Слова не имеют значения. Я умею прочесть на лице человека непоправимое, я знаю выражение, с которым вам говорят однажды, что это случилось с вашей матерью, с любимым синим псом, с теми, кого вы любите, или с теми, кого вы не знали, но кто был очень дорог другому человеку, — раз у него сейчас такое лицо.
Умберто не понимает. Петер только вылез из ямы и сделал два шага в сторону, погреться на солнце и поесть сухофруктов. Они помахали друг другу. Через минуту Петер просто исчез. Осталась только россыпь фруктов на льду возле лаза —- курага, изюм, варежка и больше ничего. Умберто не понимает, что случилось.
Джио ничего не смог сделать. Он спустился в расселину, ему пришлось вбивать колья, потому что она уходила еще ниже, привязать еще одну веревку, чтобы погрузиться в центр мира, где голубой лед становится черным. Мы молча ждали на поверхности. Он вылез и покачал головой. Я крикнул ему, чтобы он снова шел вниз. Мы же не бросим Петера просто так, он ведь наверняка ждет нас, как Корка в западне, как орел в терновнике, он ждет, что мы придем и вызволим его, что мы...
— Хватит.
Умберто сказал, не глядя на меня. Разлом слишком глубок, гора отомстила.

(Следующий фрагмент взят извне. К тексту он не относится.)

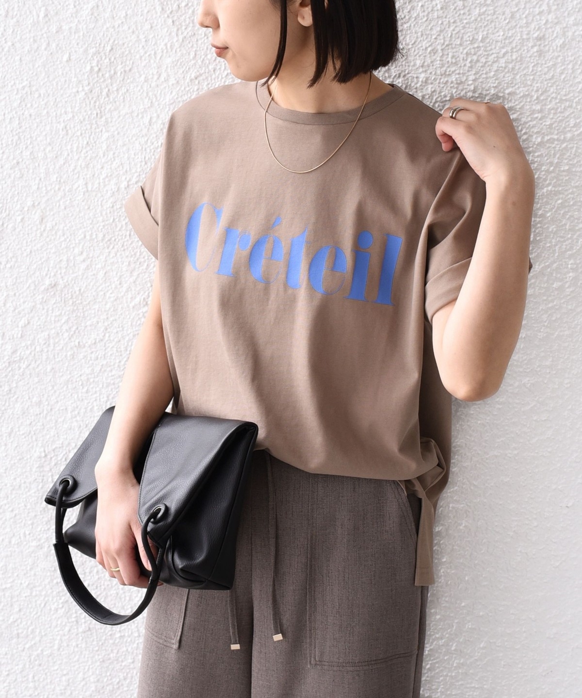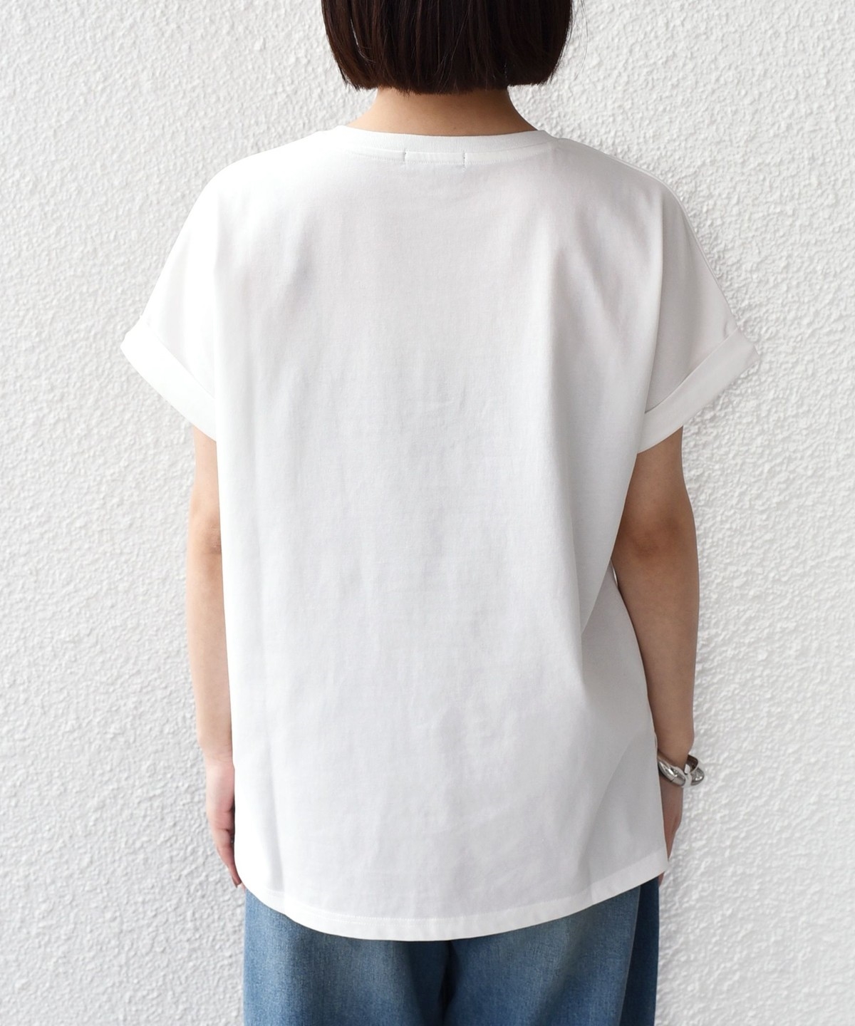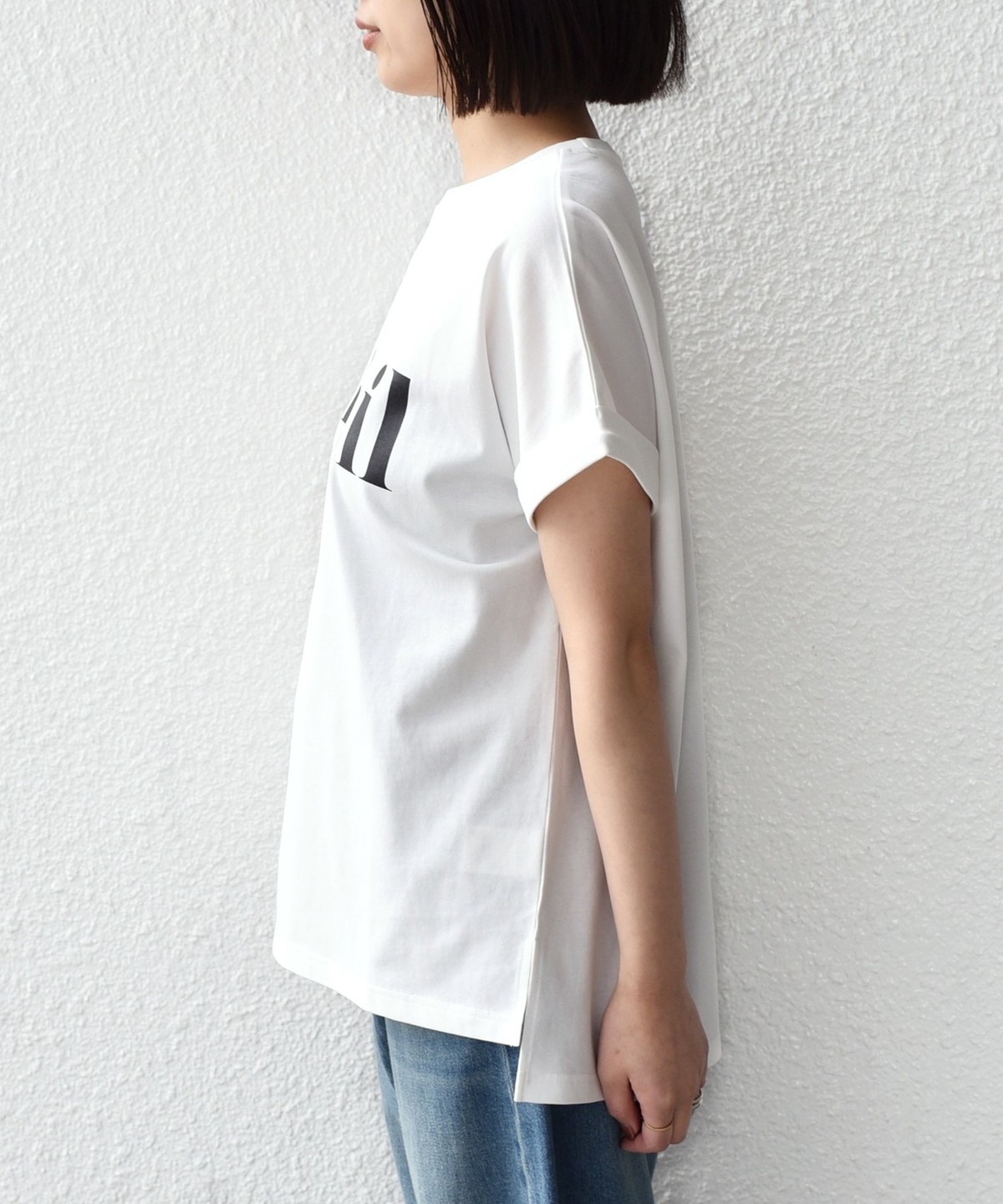 ゆったりとしたサイズ感とドルマンシルエットで、女性らしく着ていただけるTシャツ。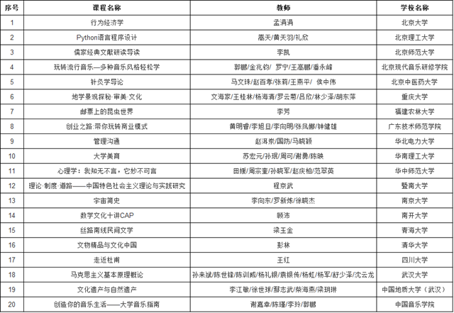 附“最美慕课—首届中国大学慕课精彩100评选展播活动”一等奖获奖名单: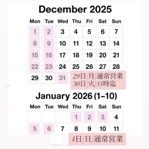 休業日の前後はご希望のお時間の予約が取りにくい事がございますのでお早めのご予約をお待ちしております‼︎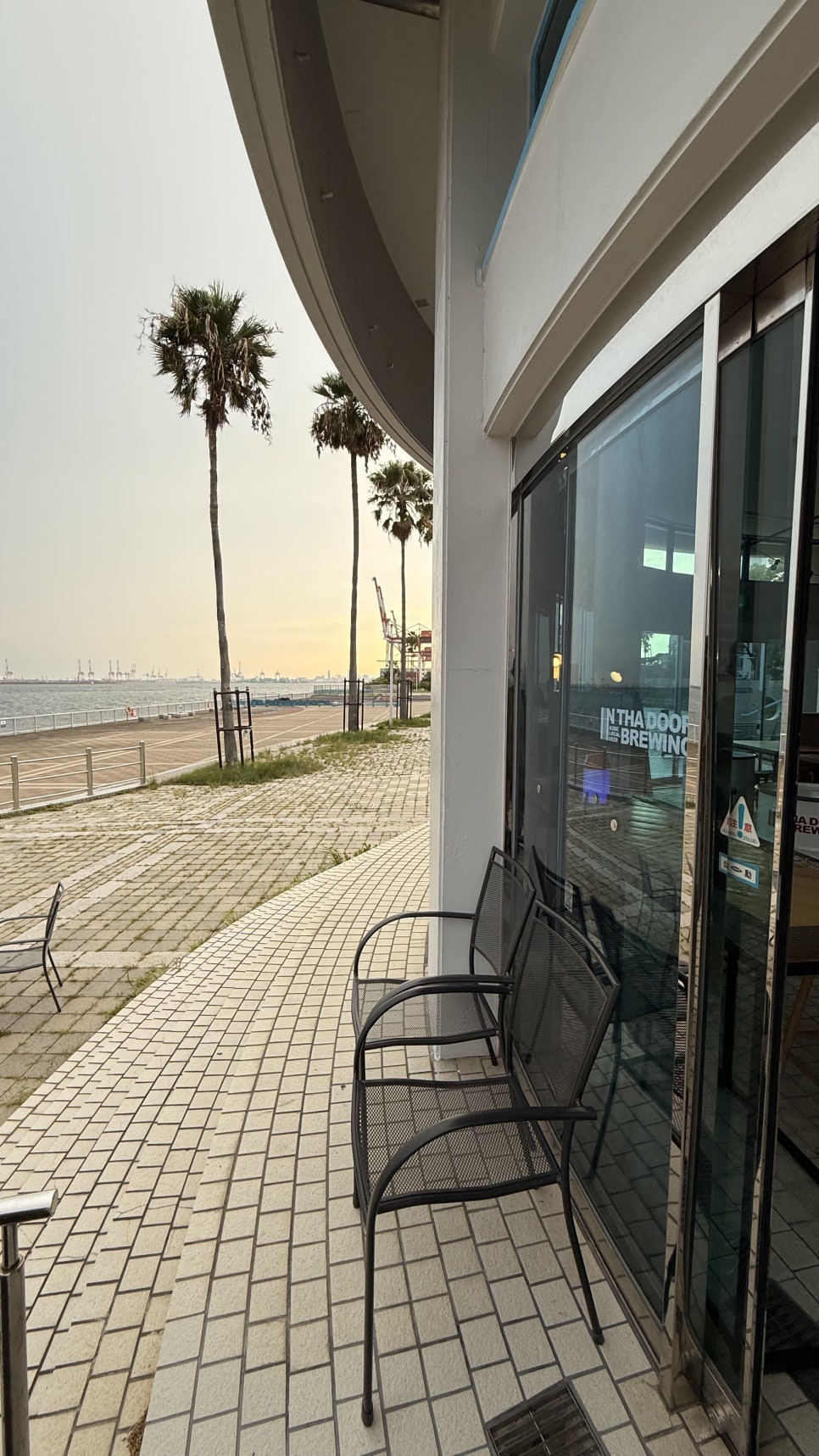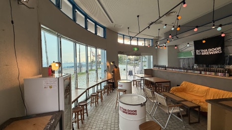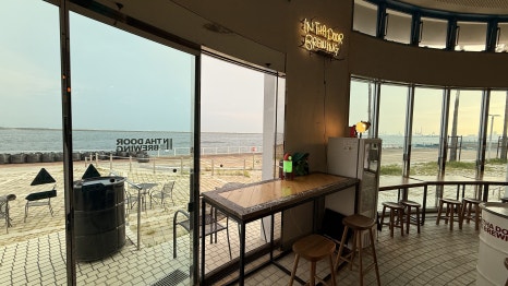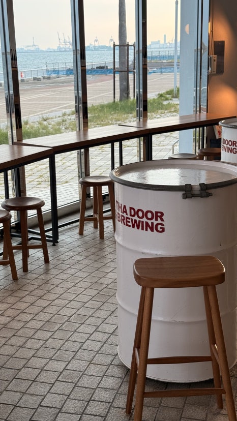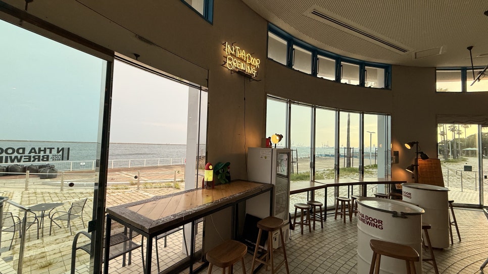 인타도어 브루잉은 고베 항구 근처에 자리 잡고 있어 바다를 한눈에 바라볼 수 있습니다. 가게에 들어서자마자 통창 너머로 보이는 바다 풍경이 인상적이었고, 저녁 무렵 방문하면 해가 서서히 지는 석양과 함께 맥주를 즐길 수 있습니다.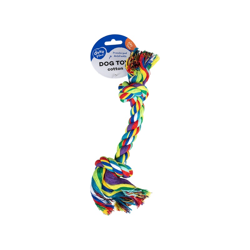 Bavlněné přetahovadlo pro psy je spletené z pevných barevných provázků a má uzly pro lepší úchop při hře. Hodí se pro přetahování, aportování i kousání. Bavlněné provázky během hry přirozeně čistí chrup a přispívají tak ke zdraví zubů a dásní.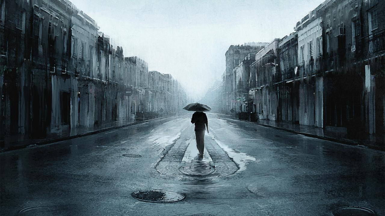 Обои Одинокий человек под зонтом
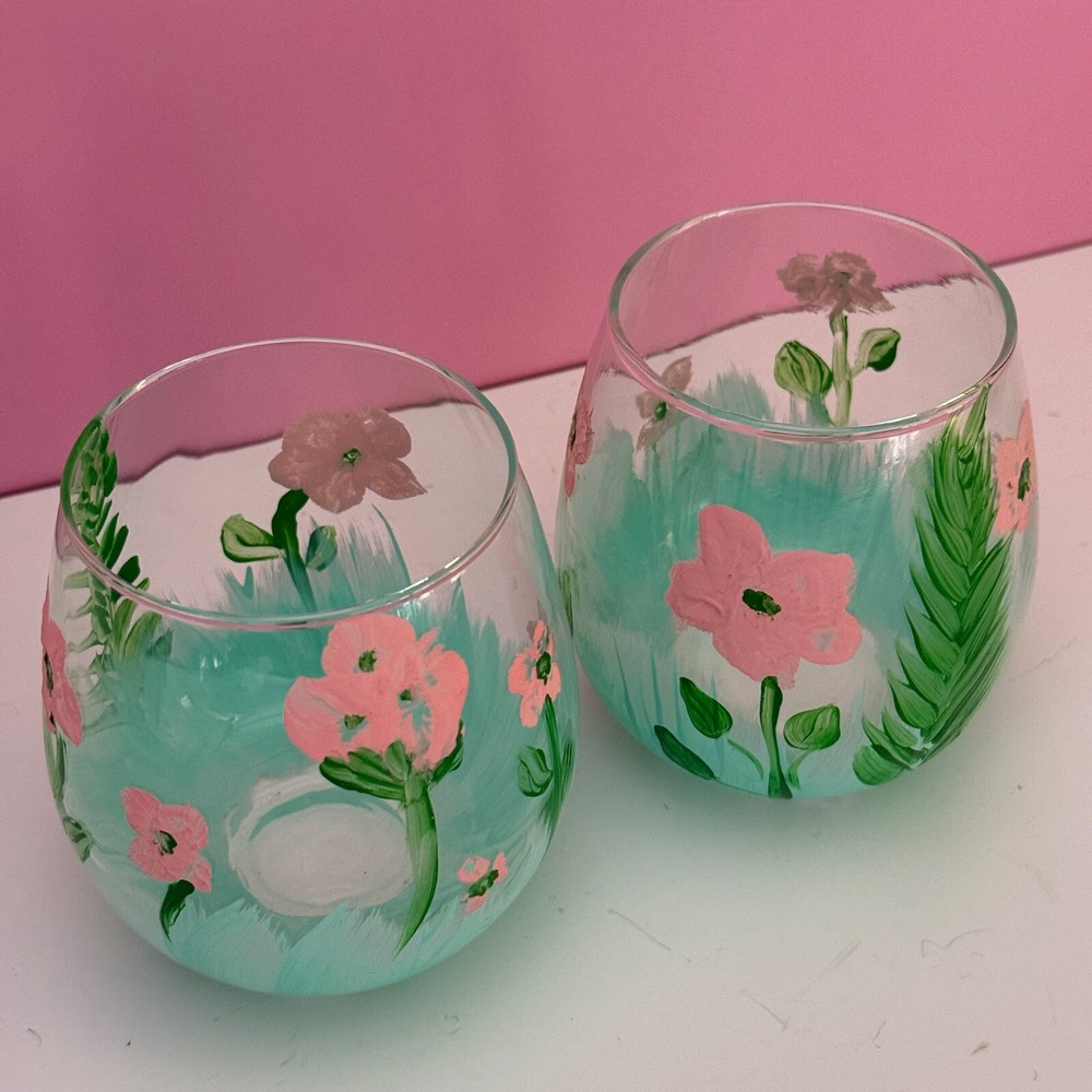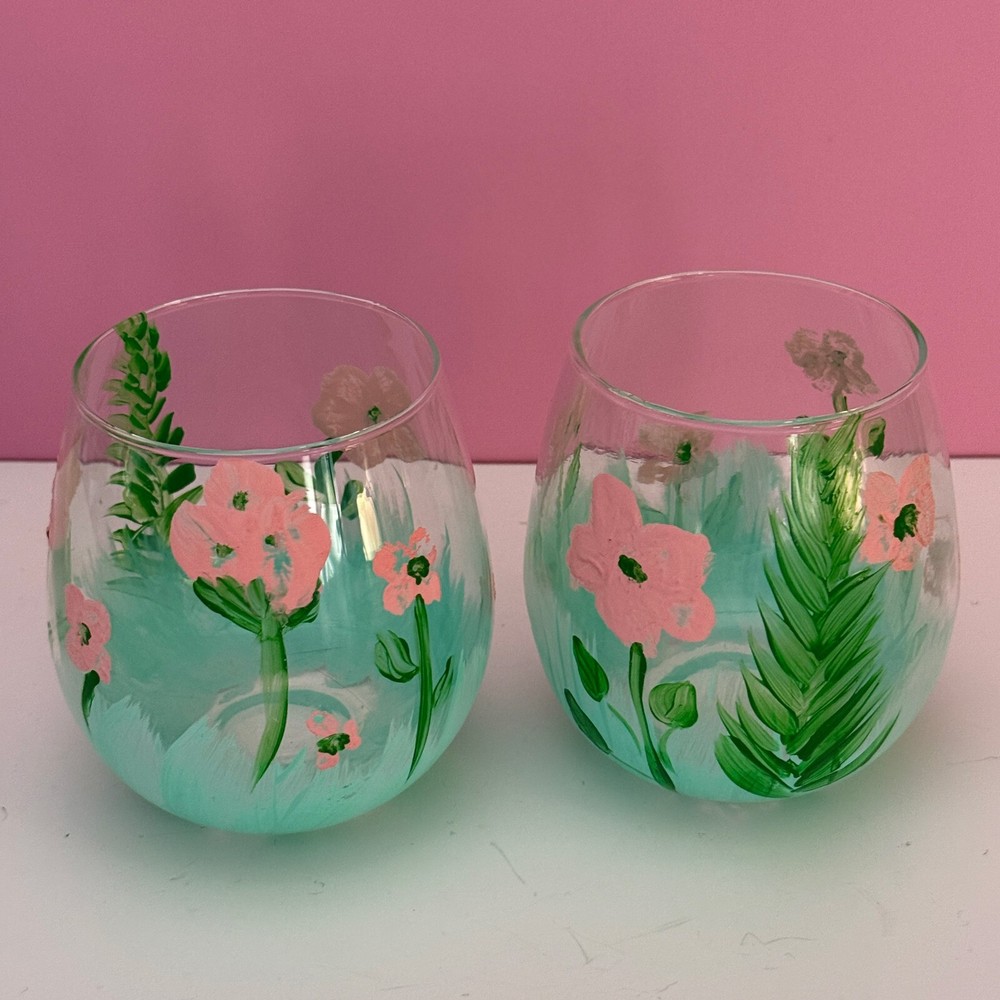 Set of 2 Hand Painted Stemless Wine Glasses - Floral Design, 4" in Tall. Pre-owned. Overall in good condition. 4 inches tall with an approximately 3-inch diameter opening. Shows some signs of wear, including minor scratches and possible slight fading of some painted areas. Hand-painted floral design. Please see photos for more details. The pictures are of the exact item you will receive. Please check the photos for more details. Please note that this item might have a slight smell of smoke due to storage and the cardboard box used for shipping. We take great care in cleaning and carefully packing the item to minimize any potential odors. Additionally, we prioritize fast shipping to ensure the item arrives quickly and in excellent condition. If you have any concerns, feel free to contact us before purchasing. Thank you for your understanding!

Петер умер. Как ни пытайся сказать иначе, смысл один и тот же. Банально, заезжено, истрепано почти до ветхости, до всхлипа на серых ступенях подъездов или на пороге спален, забывших о солнечных лучах. Умер за родину. Умер от того, от сего. Умер ни за что ни про что. Но умер — несомненно. Эти слова нужно повторять, я знаю. Даже если их сказали, все равно не веришь, потому что причины неубедительны. Поэтому я выкрикиваю эти слова, выкидываю на холод. Никто не слышит, но где-то кому-то придется в них поверить.
Петер умер.
Я кляну пустоту и снежную белизну, которая сводит нас с ума и морочит всех, людей и животных. Я знаю, что призма откроет спрятанные в ней цвета, но сколько ни твержу себе, что белизна — зародыш радуги, я все равно не могу ей простить. Моя ошибка — нет, вина: я счел, что мы способны с ней тягаться.
Воздушное погребение, кремация, захоронение. Хищники, огонь, земля. Мы палеонтологи. Мы знаем все ритуалы, изобретенные людьми для прощания с мертвыми, чтобы живые тоже не посыпались в бездну. Мы знаем их все и знаем многое другое. Но как прощаться с Петером в этом краю костей и стужи, на ничьей земле? Наш крошечный народец, сообщество из трех человек, не очень понимает. За отсутствием прецедента все приходится выдумывать самим. Мы палеонтологи, но наши знания сейчас бесполезны.
Мы сложили его вещи на краю разлома. В памяти всплывают обрывки мессы: похороны матери, пухлая губа Лаверна, которая тараторит латынь, словно комментирует футбольный матч, mors stupebit et natura, — и кубок достается «Звезде Франции», которая одержала победу над «Красной звездой», cum resurget creatura, со счетом 3:1, отличная игра, ребята, — да стой ты, блин, прямо, — говорит мне Командор, исподтишка отвешивая подзатыльник, а у меня дрожат ноги, — но что вы хотите? Мне девять с половиной лет, и я уже час стою в холодной церкви. Прости меня, мама, прости, Петер, вы видите, я стою прямо. Меа culpa, теа maxima culpa.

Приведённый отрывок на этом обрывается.